Interesting, so it's GCA_002728275.1 that might be the real trouble-maker here and not GCA_938030875.1. GCA_002728275.1 has an exceptionally high number of ambiguities (0.45%), such that some kmers have more than one N. GCA_938030875.1 on the other hand has no Ns at all. Why the issue emerges when I add GCA_938030875.1 to the mix is not clear.

fpusan commented 4 months ago

I managed to reproduce the error from your dataset. Thanks for the super easy commands to reproduce it.

SuperPang compresses nucleotides into 2 bit words in order to save some memory during graph creation, but of course this only works if your alphabet has only 4 letters (ACTG). The presence of Ns was leading to some undefined behaviour instead of throwing an error right away.

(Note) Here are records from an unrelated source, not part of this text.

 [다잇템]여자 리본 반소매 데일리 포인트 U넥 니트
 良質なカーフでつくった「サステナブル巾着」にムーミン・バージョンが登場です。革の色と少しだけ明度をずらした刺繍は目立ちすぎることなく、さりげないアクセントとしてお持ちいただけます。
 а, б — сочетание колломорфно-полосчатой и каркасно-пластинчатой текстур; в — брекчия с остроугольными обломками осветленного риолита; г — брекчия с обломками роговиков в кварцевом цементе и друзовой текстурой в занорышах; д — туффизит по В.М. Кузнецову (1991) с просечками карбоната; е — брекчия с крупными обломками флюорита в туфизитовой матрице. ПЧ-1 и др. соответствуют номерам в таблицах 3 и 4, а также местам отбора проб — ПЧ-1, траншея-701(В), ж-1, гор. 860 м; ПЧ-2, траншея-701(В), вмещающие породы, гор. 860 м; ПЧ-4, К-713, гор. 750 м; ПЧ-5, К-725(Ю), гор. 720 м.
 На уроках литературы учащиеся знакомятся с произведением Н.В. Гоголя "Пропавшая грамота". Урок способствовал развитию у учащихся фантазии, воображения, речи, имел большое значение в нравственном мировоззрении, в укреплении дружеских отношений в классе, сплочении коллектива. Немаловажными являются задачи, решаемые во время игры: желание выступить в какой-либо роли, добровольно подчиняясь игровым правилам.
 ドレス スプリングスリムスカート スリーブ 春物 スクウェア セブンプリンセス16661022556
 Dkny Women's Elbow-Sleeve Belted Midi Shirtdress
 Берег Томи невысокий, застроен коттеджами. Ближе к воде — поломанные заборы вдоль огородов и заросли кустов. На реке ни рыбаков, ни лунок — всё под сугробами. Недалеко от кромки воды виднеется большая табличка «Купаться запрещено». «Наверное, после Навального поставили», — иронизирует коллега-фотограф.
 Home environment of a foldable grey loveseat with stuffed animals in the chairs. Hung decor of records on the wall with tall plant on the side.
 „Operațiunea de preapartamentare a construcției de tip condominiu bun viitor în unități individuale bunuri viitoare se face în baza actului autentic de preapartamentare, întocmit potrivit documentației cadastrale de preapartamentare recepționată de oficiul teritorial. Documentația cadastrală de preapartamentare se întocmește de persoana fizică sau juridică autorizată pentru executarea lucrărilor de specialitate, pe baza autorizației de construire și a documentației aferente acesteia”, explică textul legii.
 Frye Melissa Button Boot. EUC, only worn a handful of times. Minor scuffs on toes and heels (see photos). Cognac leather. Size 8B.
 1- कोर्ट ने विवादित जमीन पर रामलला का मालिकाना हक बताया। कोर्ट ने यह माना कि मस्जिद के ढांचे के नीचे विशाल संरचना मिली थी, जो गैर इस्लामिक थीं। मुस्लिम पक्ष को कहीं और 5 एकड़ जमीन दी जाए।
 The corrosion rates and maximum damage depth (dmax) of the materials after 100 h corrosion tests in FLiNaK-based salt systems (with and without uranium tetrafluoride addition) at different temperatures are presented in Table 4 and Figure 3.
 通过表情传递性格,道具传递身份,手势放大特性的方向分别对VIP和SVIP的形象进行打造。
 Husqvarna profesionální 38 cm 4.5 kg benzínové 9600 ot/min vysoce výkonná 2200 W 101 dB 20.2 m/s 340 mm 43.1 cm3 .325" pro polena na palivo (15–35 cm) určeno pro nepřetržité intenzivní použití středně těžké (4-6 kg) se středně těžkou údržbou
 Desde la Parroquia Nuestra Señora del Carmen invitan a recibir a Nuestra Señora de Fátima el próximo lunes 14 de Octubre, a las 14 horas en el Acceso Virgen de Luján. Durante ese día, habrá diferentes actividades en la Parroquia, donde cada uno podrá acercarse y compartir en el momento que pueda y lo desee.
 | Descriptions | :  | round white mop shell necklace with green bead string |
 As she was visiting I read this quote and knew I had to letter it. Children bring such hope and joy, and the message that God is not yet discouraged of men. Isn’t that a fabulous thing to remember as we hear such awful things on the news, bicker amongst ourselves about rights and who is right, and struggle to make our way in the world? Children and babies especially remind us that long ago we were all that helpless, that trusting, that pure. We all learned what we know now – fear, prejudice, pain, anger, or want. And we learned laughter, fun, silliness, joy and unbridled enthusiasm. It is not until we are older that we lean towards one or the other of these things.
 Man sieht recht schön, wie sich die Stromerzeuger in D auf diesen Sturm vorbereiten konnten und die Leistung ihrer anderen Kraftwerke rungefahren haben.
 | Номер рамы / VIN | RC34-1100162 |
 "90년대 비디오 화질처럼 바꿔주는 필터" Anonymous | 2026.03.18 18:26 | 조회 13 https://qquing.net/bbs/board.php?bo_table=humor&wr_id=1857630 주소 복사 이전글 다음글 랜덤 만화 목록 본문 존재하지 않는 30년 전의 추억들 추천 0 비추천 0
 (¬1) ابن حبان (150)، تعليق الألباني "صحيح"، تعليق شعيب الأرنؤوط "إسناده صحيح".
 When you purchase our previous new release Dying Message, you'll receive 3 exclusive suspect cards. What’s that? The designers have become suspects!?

This was manifesting later when checking that adjacent vertices in the DBG were actually associated to consecutive kmers.

Anyways I made it so that compression will only happen for --gap-size 1, since no Ns should remain in that case. Otherwise SuperPang will use the uncompressed kmers as hash keys to check whether a kmer was already added to the DBG or not, this will consume more memory but otherwise give similar results. I checked the fix on your dataset and it now runs ok. The fix is already commited to the main branch

alephreish commented 4 months ago

Wow, thanks for the quick fix! From a very cursory look, I also started suspecting compress()/decompress() although the fact that it used to run smoothly with all those Ns before was puzzling... Thanks again!